John of the Cross met Teresa of Avila when she was fifty-two and he was twenty-five.  Teresa convinced John to join her efforts to reform the Carmelite religious order, which he did with the help of Antonio de Heredia.

Antonio de Heredia would be the first superior and the prior of the first reform or discalced Carmelite monastery at Duruelo.  It is however John of the Cross and not Antonio de Heredia that history would recognize as the first “Discalced Friar” and the “Father of the Reform.”

As with every reform, distrust, jealously, and even fear hindered the birth of the new order.  The Calced Carmelites feared the reform and sought to stop it by closing all reform monasteries. 

John of the Cross, being a leader of the reform, was captured and incarcerated by the Calced Carmelites in Toledo. Weak and ill from abuse, John of the Cross decided to escape his imprisonment, which he in fact did.

Being a wanted man, John found refuge in Teresa of Avila’s hospital at Santa Cruz.  The nuns nursed him back to health.

By the time John was nursed back to health by Teresa’s nuns, the persecution against the Discalced Carmelites abated.  By 1593 the Holy See recognized the Discalced Carmelites, the Carmelites of the Reform, as a new religious order. 

During John of the Cross’ many adventures, he was able to write many spiritual masterpieces that would earn him the title “Doctor of Mystical Theology.”  His works include The Ascent of Mount Carmel, the Dark Night of the Soul, the Spiritual Canticle, and The Living Flame of Love.   

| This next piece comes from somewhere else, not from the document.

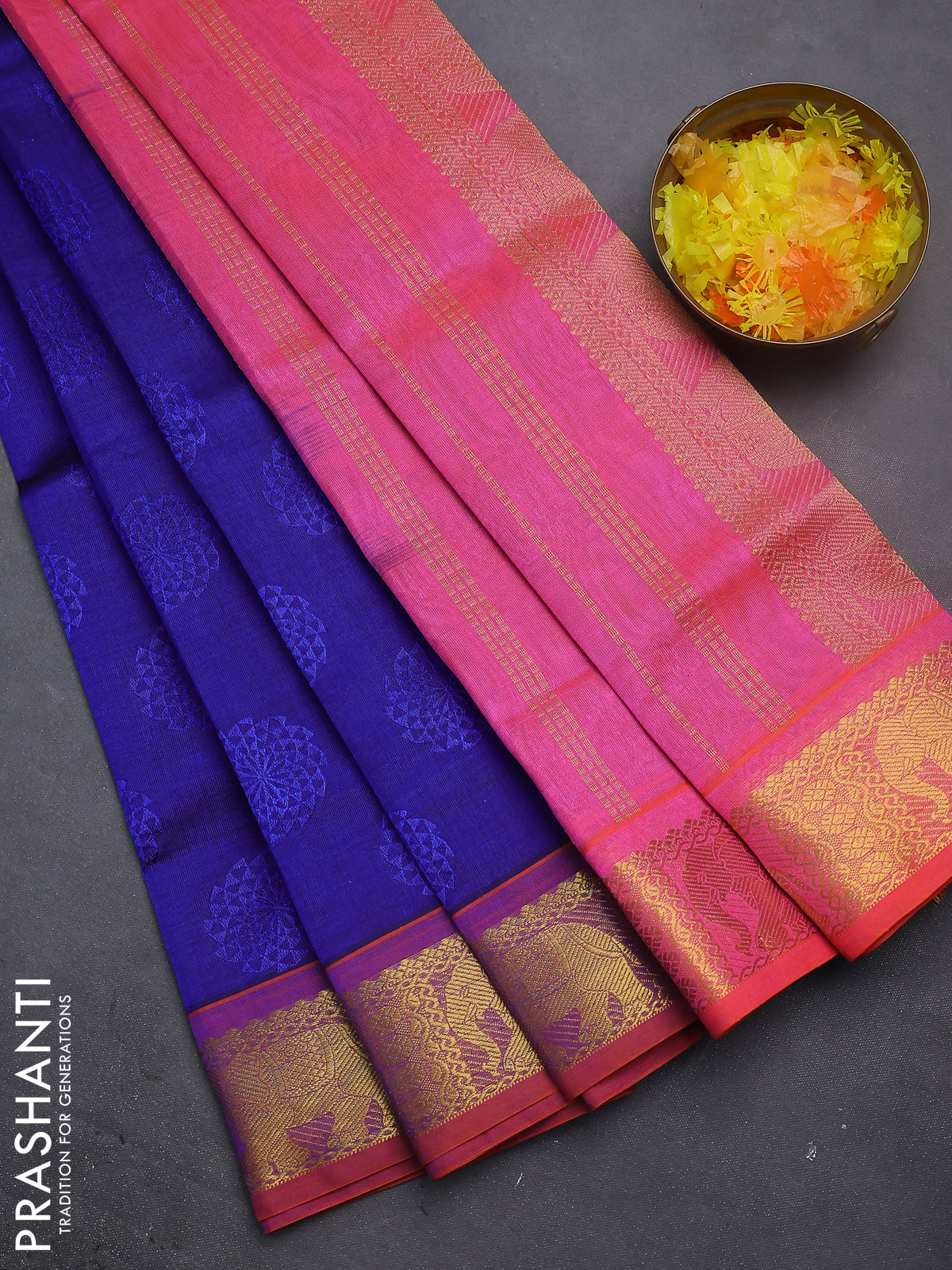 Silk cotton saree blue and dual shade of pinkish orange with allover self emboss jacquard and elephant zari woven border

John is most recognized for his summary—when his works are taken as a whole--of the spiritual life. 1) The Purgative Stage is one that purges the self of all that is not of God; 2) The First Dark Night is a stage where the senses are actively and passively purified; 3) The Illuminative Stage is the stage of heroic virtues and great enlightenment; 4) The Second Dark Night consists of the passive purification of the soul; 5) The final stage of the spiritual life is the Unitive Stage where one experiences spiritual union with God. 

Most people live and die in the purgative stage.  Saints are found in the illuminative stage.  And mystics are found in the unitive stage, where one’s will and God’s is one, where one becomes in the words of John of the Cross divinized, glorified, God by participation.

In 1591, at the chapter meeting in Madrid, John fell out of favor with the Vicar General of the Order, Doria. At first Doria encouraged John to go to Mexico and found new monasteries.  Unfortunately, John’s health would preclude him from doing so.  Suffering from leg ulcers and serious and frequent bouts of fever John settled at the monastery of Ubeda.  In a weakened condition, John died in 1591.